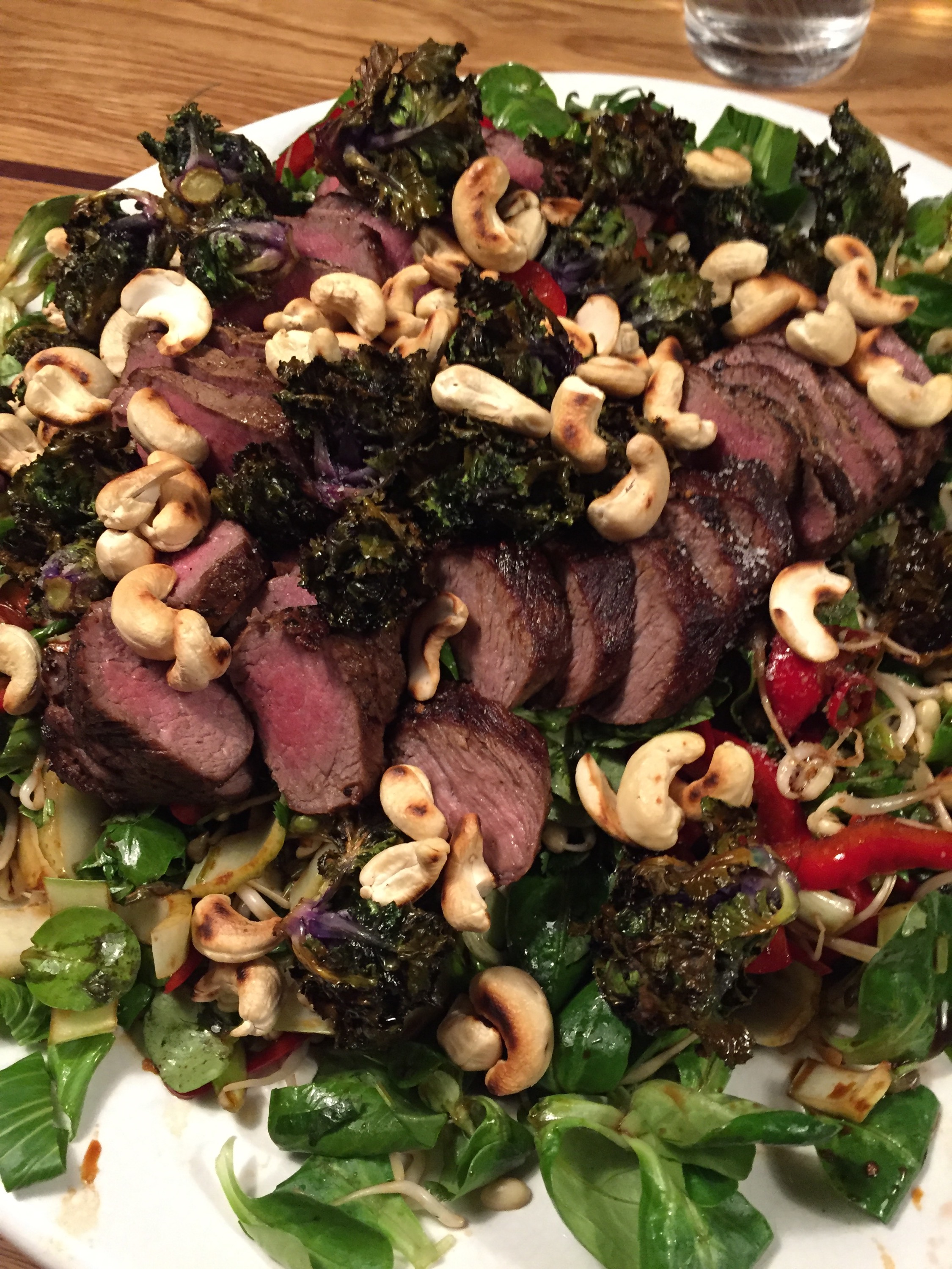 Lägg upp salladen på ett stort fat. Grovhacka koriander och basilika och blanda ihop. Häll på dressingen med allt och böngroddarna. Blanda runt. Ta ut ”flower sprouts” ur ugnen och salta. Skiva upp köttet i tunna skivor och placera på salladen. Strö över cashewnötterna och till sist ”flower sprouts”. Servera med ett gott vitt vin, gärna en riesling
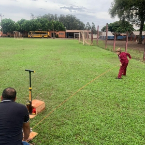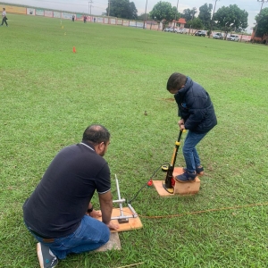 A confecção do foguete, bem como o lançador é de responsabilidade de cada família/aluno, a escola tem a função de acompanhar o lançamento, registrar e lançar os dados na plataforma.
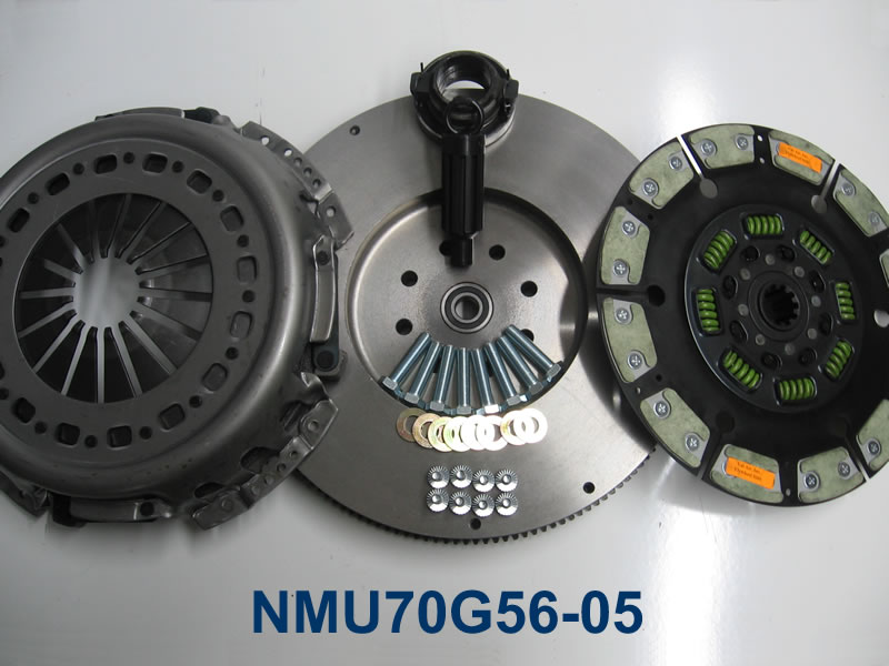 Kit includes: New G56 Solid Flywheel, 3400# Pressure Plate, Clutch Disc, Release Bearing, HD Pilot Bearing, Bolt Kit, and Alignment Tool.
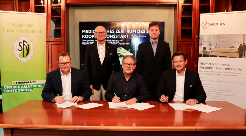 Die Unterzeichnung in der Sportschule „Egidius Braun“ bildet den Startschuss für eine Zusammenarbeit, die die medizinischen Bedürfnisse des Verbandes und seiner Mitglieder in den nächsten Jahren abdeckt. Die beiden Medizin-Spezialisten aus Leipzig sichern zukünftig im Zusammenwirken die SFV-Talentförderung sowie SFV-Veranstaltungen ab, stehen bei notwendigen Leistungstests und -diagnostiken bereit, ergänzen die Lehrgänge in der Qualifizierung mit sportmedizinischen Weiterbildungen und betreuen die SFV-Mitglieder bei fußballspezifischen Verletzungen.
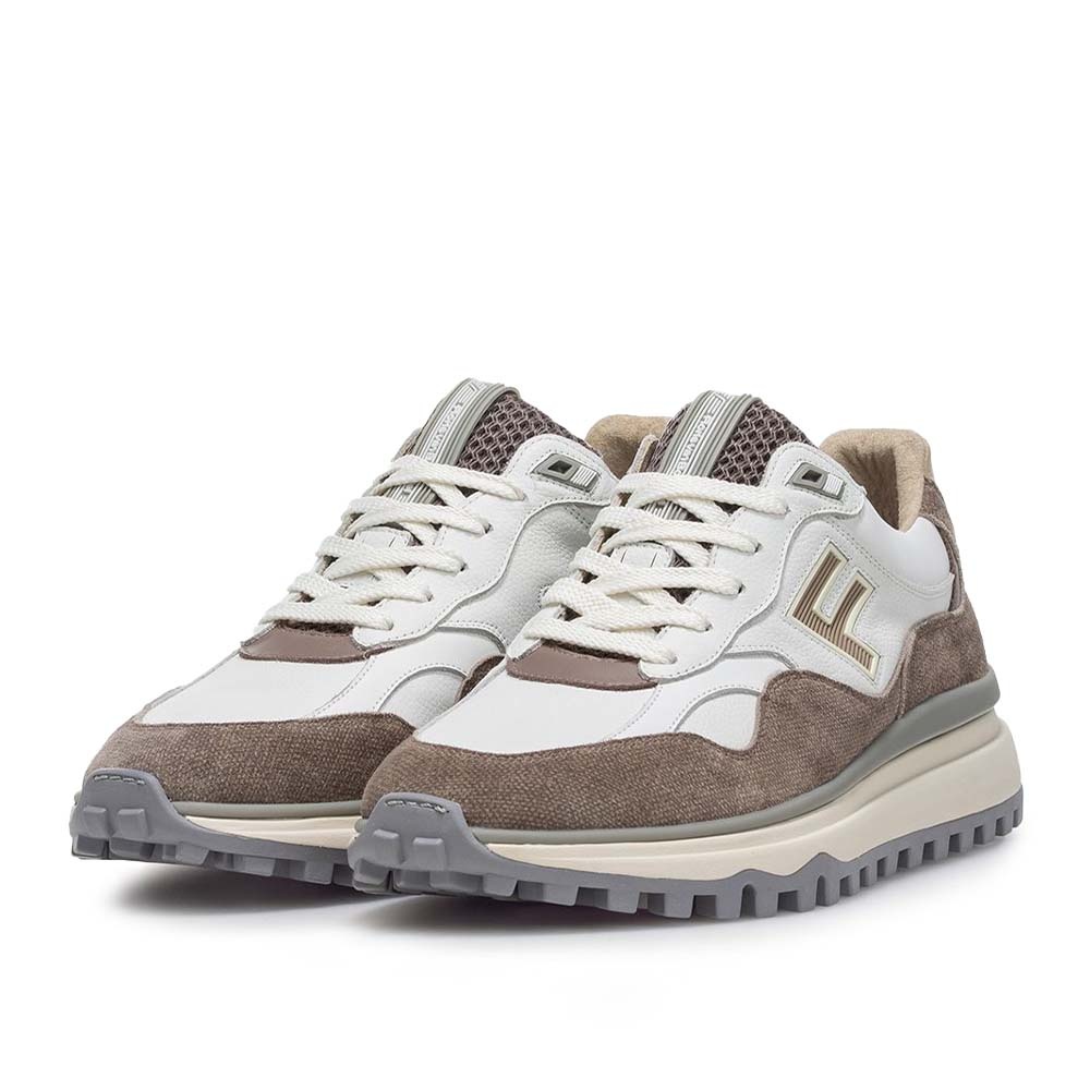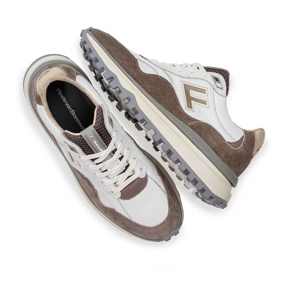 De Floris van Bommel De Gripper 01.16 Wit Taupe is een moderne heren sneaker die direct opvalt door zijn stijlvolle kleurencombinatie en luxe afwerking. Het bovenwerk is uitgevoerd in hoogwaardige materialen in wit- en taupetinten, wat zorgt voor een tijdloze en veelzijdige uitstraling. Het herkenbare F-design op de zijkant geeft de sneaker de kenmerkende Floris van Bommel signatuur.

WORK TO BE COMPLETED:
Would you reproduce the listing above exactly, without any of its images?

ANSWER SECTION:
 Lägg upp salladen på ett stort fat. Grovhacka koriander och basilika och blanda ihop. Häll på dressingen med allt och böngroddarna. Blanda runt. Ta ut ”flower sprouts” ur ugnen och salta. Skiva upp köttet i tunna skivor och placera på salladen. Strö över cashewnötterna och till sist ”flower sprouts”. Servera med ett gott vitt vin, gärna en riesling
 A confecção do foguete, bem como o lançador é de responsabilidade de cada família/aluno, a escola tem a função de acompanhar o lançamento, registrar e lançar os dados na plataforma.
 Kit includes: New G56 Solid Flywheel, 3400# Pressure Plate, Clutch Disc, Release Bearing, HD Pilot Bearing, Bolt Kit, and Alignment Tool.
 Die Unterzeichnung in der Sportschule „Egidius Braun“ bildet den Startschuss für eine Zusammenarbeit, die die medizinischen Bedürfnisse des Verbandes und seiner Mitglieder in den nächsten Jahren abdeckt. Die beiden Medizin-Spezialisten aus Leipzig sichern zukünftig im Zusammenwirken die SFV-Talentförderung sowie SFV-Veranstaltungen ab, stehen bei notwendigen Leistungstests und -diagnostiken bereit, ergänzen die Lehrgänge in der Qualifizierung mit sportmedizinischen Weiterbildungen und betreuen die SFV-Mitglieder bei fußballspezifischen Verletzungen.
 De Floris van Bommel De Gripper 01.16 Wit Taupe is een moderne heren sneaker die direct opvalt door zijn stijlvolle kleurencombinatie en luxe afwerking. Het bovenwerk is uitgevoerd in hoogwaardige materialen in wit- en taupetinten, wat zorgt voor een tijdloze en veelzijdige uitstraling. Het herkenbare F-design op de zijkant geeft de sneaker de kenmerkende Floris van Bommel signatuur.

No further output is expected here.